Records supplied »
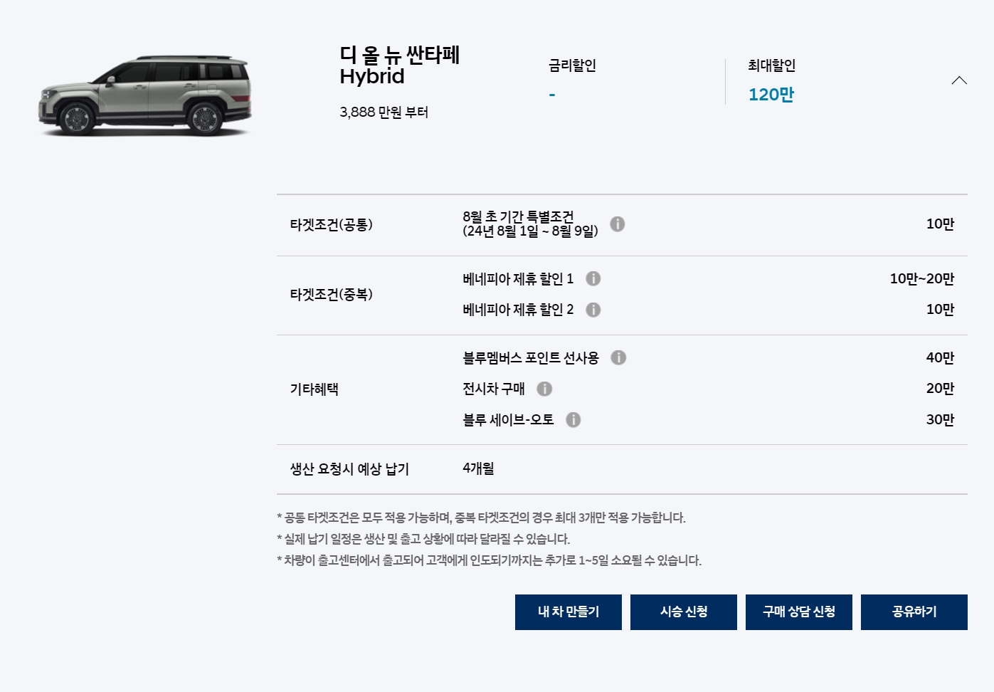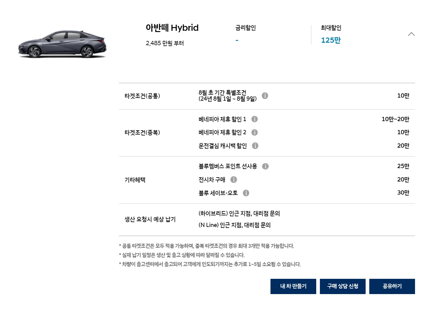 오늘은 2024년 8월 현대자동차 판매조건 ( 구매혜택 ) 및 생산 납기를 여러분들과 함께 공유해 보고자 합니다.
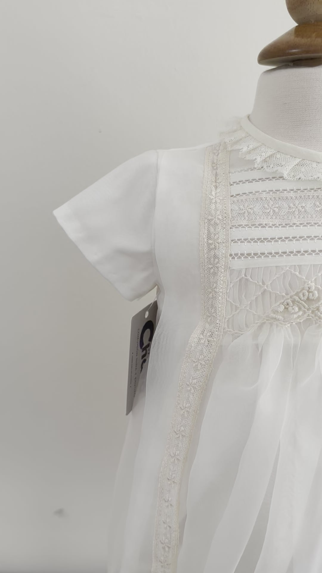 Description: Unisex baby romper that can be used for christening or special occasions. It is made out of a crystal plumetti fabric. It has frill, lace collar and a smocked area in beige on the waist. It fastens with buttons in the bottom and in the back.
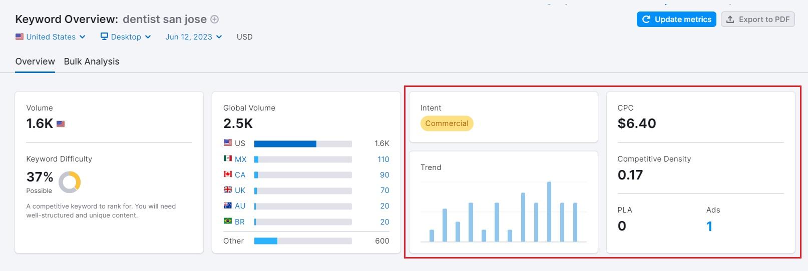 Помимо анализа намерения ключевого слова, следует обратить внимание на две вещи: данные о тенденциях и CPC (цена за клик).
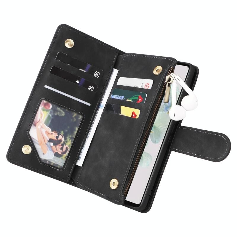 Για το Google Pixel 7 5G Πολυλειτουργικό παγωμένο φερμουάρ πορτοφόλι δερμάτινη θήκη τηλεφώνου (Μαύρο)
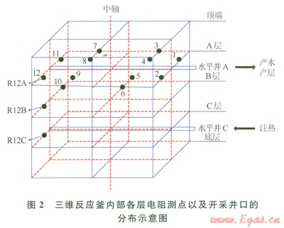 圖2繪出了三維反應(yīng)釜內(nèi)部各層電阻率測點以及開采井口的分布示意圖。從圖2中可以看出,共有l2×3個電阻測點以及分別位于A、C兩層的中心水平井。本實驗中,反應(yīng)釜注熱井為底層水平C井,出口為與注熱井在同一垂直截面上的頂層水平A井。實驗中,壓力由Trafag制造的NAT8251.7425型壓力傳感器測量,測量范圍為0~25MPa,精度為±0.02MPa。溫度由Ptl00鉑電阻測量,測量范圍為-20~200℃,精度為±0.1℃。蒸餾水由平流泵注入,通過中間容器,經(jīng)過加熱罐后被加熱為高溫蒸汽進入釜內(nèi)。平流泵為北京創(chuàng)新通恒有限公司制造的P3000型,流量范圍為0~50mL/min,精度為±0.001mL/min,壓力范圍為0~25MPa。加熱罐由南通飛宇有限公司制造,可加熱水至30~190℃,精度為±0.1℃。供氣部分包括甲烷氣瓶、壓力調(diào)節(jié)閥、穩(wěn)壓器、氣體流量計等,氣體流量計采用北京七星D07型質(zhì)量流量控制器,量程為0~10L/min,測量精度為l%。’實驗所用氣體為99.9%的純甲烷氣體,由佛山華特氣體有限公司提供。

--

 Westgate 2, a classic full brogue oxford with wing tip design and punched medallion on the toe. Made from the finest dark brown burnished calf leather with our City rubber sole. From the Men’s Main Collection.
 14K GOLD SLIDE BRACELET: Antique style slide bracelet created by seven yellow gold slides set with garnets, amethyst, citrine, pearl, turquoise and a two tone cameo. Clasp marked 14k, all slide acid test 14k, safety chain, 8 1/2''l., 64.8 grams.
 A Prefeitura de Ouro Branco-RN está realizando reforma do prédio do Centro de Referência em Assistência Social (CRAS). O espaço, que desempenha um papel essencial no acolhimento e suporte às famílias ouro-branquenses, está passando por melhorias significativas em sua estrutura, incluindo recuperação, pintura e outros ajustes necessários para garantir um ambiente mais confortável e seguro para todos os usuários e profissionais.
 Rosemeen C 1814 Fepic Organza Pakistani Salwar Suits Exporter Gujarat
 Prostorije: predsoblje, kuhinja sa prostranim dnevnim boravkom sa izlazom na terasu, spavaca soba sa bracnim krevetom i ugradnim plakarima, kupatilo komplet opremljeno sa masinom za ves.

Goal of the exercise » Since only part of the listing is wanted, copy exactly the lines from the one holding "14K GOLD SLIDE" to the one holding "Prostorije: predsoblje, kuhinja", both included.

Response to the task »
 14K GOLD SLIDE BRACELET: Antique style slide bracelet created by seven yellow gold slides set with garnets, amethyst, citrine, pearl, turquoise and a two tone cameo. Clasp marked 14k, all slide acid test 14k, safety chain, 8 1/2''l., 64.8 grams.
 A Prefeitura de Ouro Branco-RN está realizando reforma do prédio do Centro de Referência em Assistência Social (CRAS). O espaço, que desempenha um papel essencial no acolhimento e suporte às famílias ouro-branquenses, está passando por melhorias significativas em sua estrutura, incluindo recuperação, pintura e outros ajustes necessários para garantir um ambiente mais confortável e seguro para todos os usuários e profissionais.
 Rosemeen C 1814 Fepic Organza Pakistani Salwar Suits Exporter Gujarat
 Prostorije: predsoblje, kuhinja sa prostranim dnevnim boravkom sa izlazom na terasu, spavaca soba sa bracnim krevetom i ugradnim plakarima, kupatilo komplet opremljeno sa masinom za ves.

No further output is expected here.